Hank Fuchs, M.D., president of Worldwide Research and Development at BioMarin, mentioned “VOXZOGO is the first and only approved treatment for children with achondroplasia, providing families with an option that can be initiated in infants, and we are excited to continue investigating its possibilities in other genetic skeletal conditions through our CANOPY clinical program.”

He further added, “The data at ISDS continue to demonstrate the safety and efficacy of VOXZOGO, underscoring the clinical value of our approach with CNP as an effective, central regulator of growth-related development as our research seeks to transform the treatment landscape for families impacted by achondroplasia and other genetic skeletal conditions.”

On the psychosocial front, there were gains in confidence and social interactions. Furthermore, data from an investigator-led analysis of BioMarin's Phase 2 111-205 study, presented at the 2024 International Conference on Children's Bone Health, revealed that after around five years of receiving VOXZOGO, children (n=30) experienced substantial increases in bone length and metacarpal cortical area. This suggests that the treatment helps maintain bone strength as it grows longer.

At the ISDS conference, additional presentations covered the efficacy of VOXZOGO in ongoing studies targeting a range of genetic skeletal disorders beyond just achondroplasia. The safety profile of VOXZOGO remained consistent with what has been well-established in achondroplasia.
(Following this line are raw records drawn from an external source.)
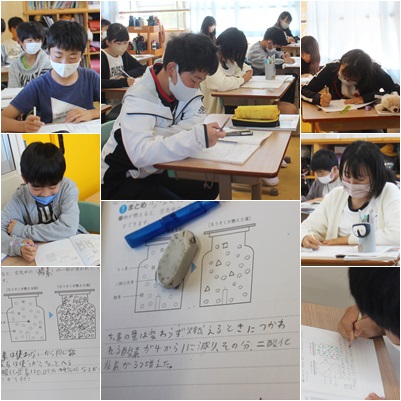 「空気の成分の割合から言うと〇対〇だから、酸素は、〇個にした」など、なぜそのようにしたかを説明します。それぞれに理由がしっかりと書かれていたので、この後の話し合いが楽しみです。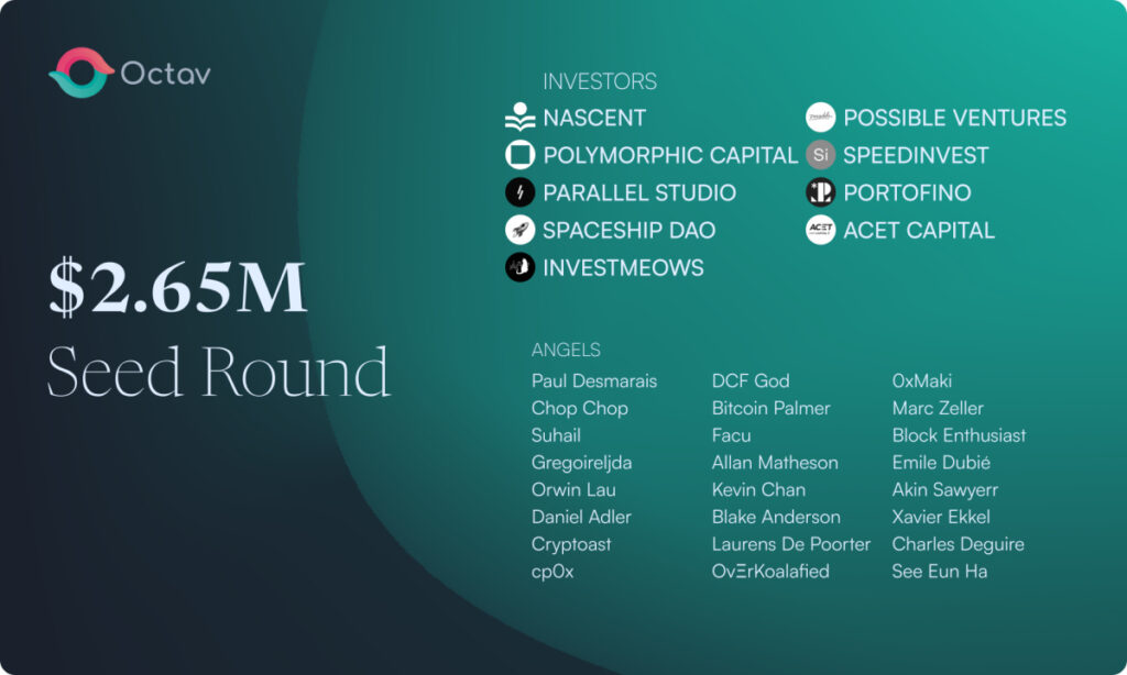 Octav is led by Mathieu Baril & Luc Blackburn, both of whom have previously worked at companies like Zapper, Accedian Network and Otodata before starting Octav. Octav boasts a variety of esteemed Investors including Nascent, Polymorphic Capital, Parallel Studio, Spaceship DAO, Investmeows, Possible Ventures, Speedinvest, ACET capital, Paul Desmarais, CEO of Sagard holdings, and Mark Zeller from AAVE.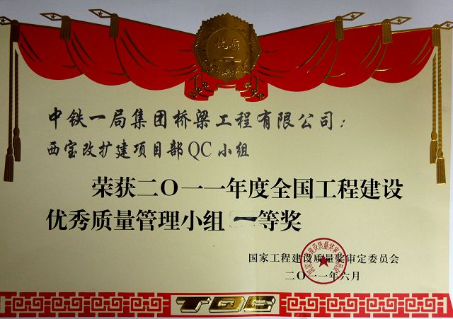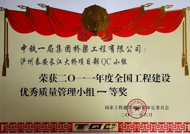 由橋梁工程公司選送參評的西安至寶雞高速公路改擴建工程阿房宮高架橋《提高樁基后壓漿合格率》和瀘州泰安長江大橋《研究大型塔吊高空拆除新方法》兩項成果,在與762項成果角逐中脫穎而出,經(jīng)國家工程建設(shè)質(zhì)量獎審定委員會審定,分別獲得2011年度全國工程建筑優(yōu)秀質(zhì)量管理小組一等獎。西寶項目部選送的《提高樁基后壓漿合格率》更是以小組第三名的優(yōu)異成績直接進入了中國質(zhì)量協(xié)會全國優(yōu)秀質(zhì)量管理獎的評審,并最終斬獲全國工程建設(shè)優(yōu)秀質(zhì)量管理小組一等獎的桂冠。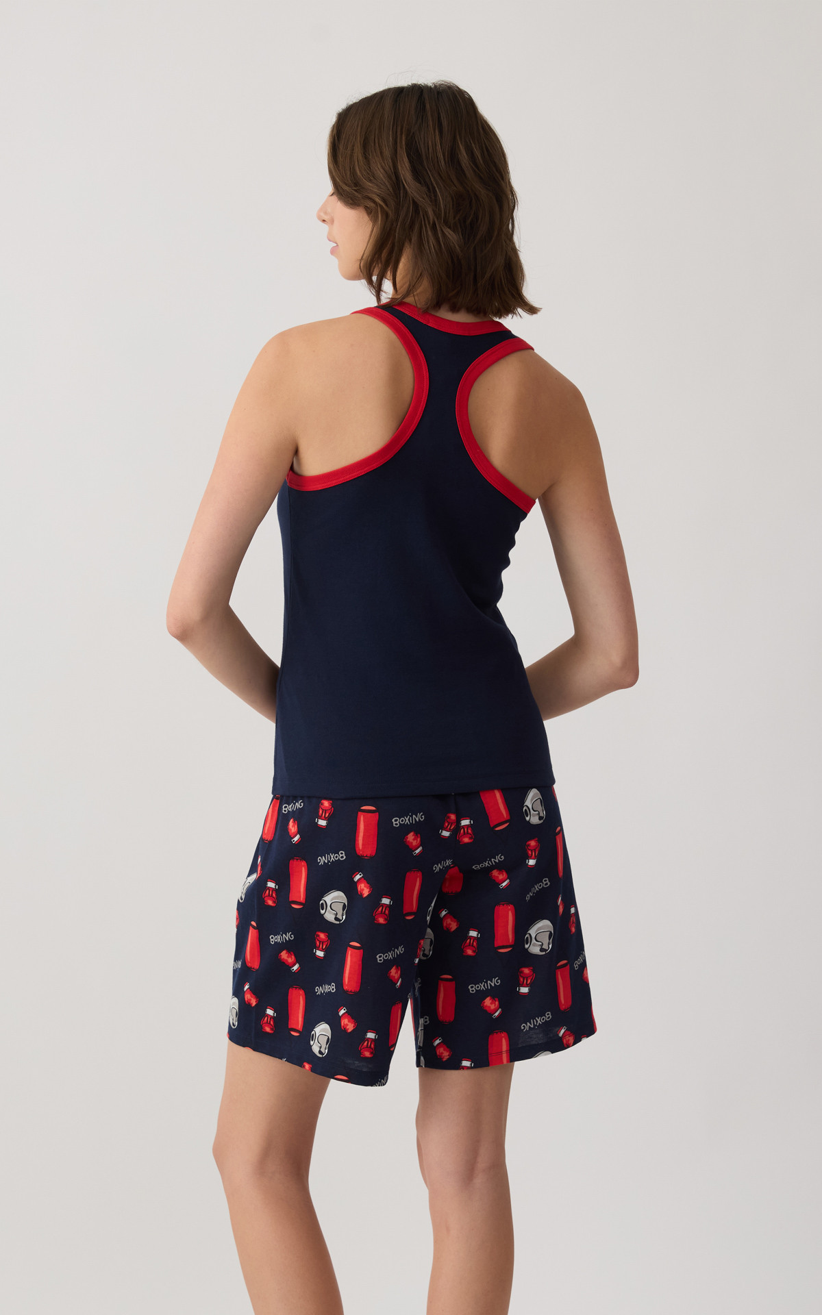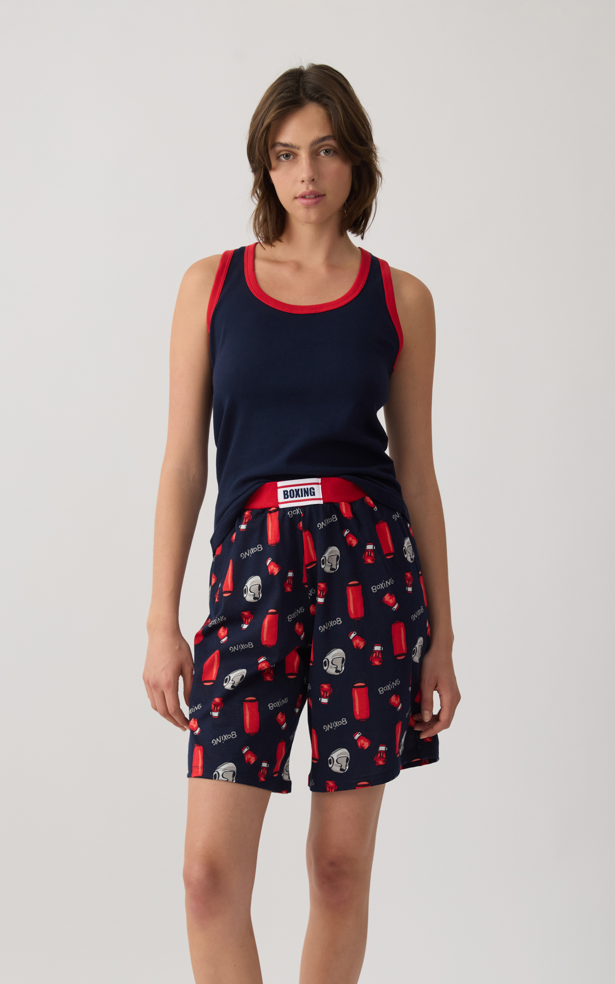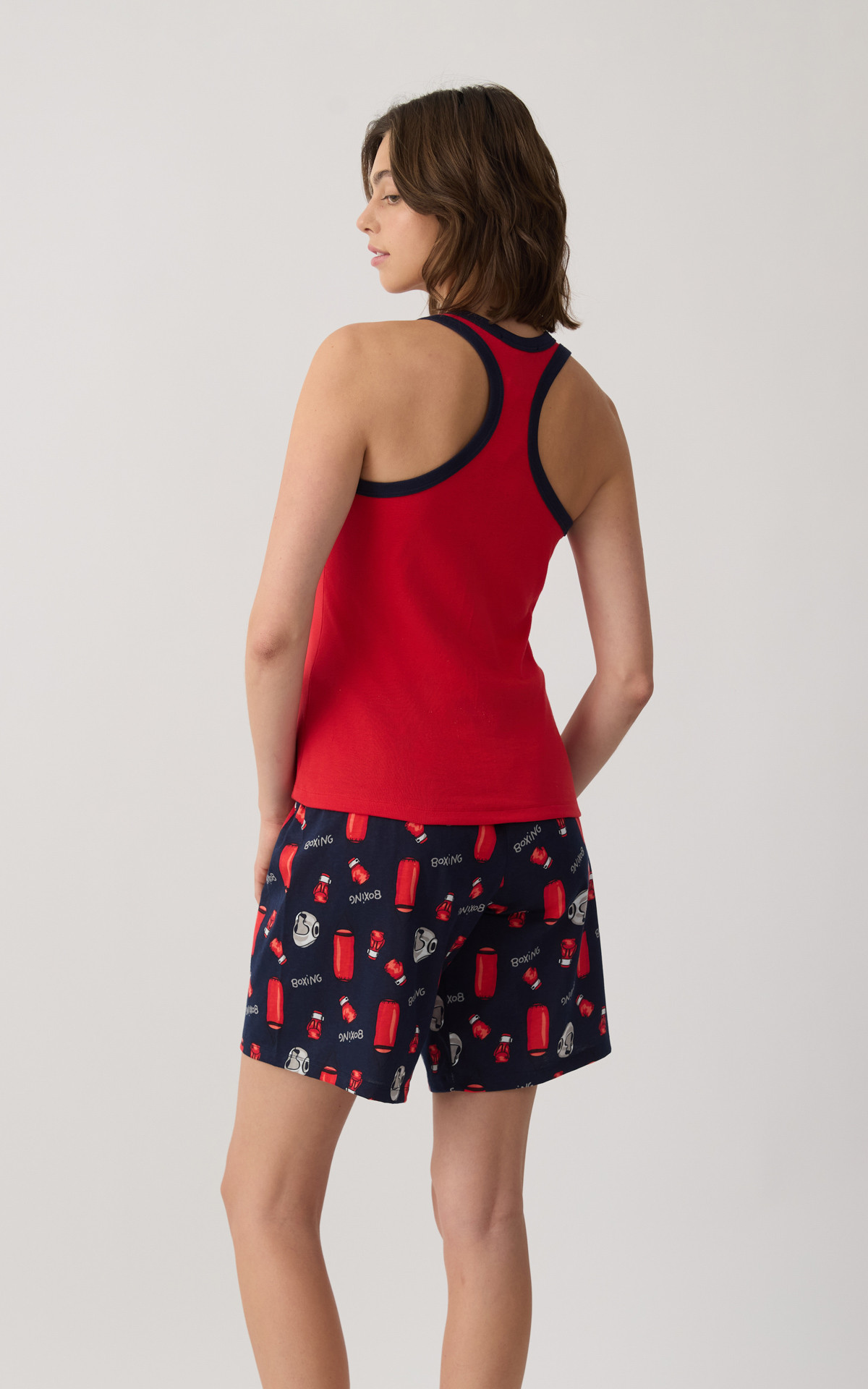Women's pajamas made from 100% premium-quality cotton for a soft feel and all-day comfort. The set includes a sleeveless athletic-style top and long printed shorts with a wide elastic waistband for a secure and comfortable fit. Ideal for restful sleep and relaxing moments at home.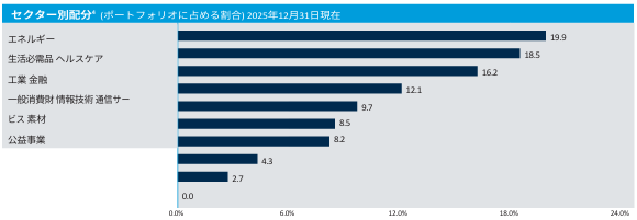 エネルギーや金融のような景気敏感セクターに偏ることなく、全体的にバランスのよいポートフォリオになっています。

One investigator-sponsored study highlighted promising results, demonstrating continued improvements in mean annualized growth velocity (AGV) and height standard deviation (SD) among 24 children with various genetic skeletal conditions, such as Noonan syndrome and genetic variants linked to idiopathic short stature (including ACAN deficiency and heterozygous NPR2 mutations), over the course of one year.

Updated findings from an initial clinical trial of VOXZOGO in children with hypochondroplasia showed sustained enhancements in AGV and height SD specific to hypochondroplasia in 26 participants over the same period. The treatment's effectiveness was comparable to previous results in achondroplasia, with no new safety concerns reported.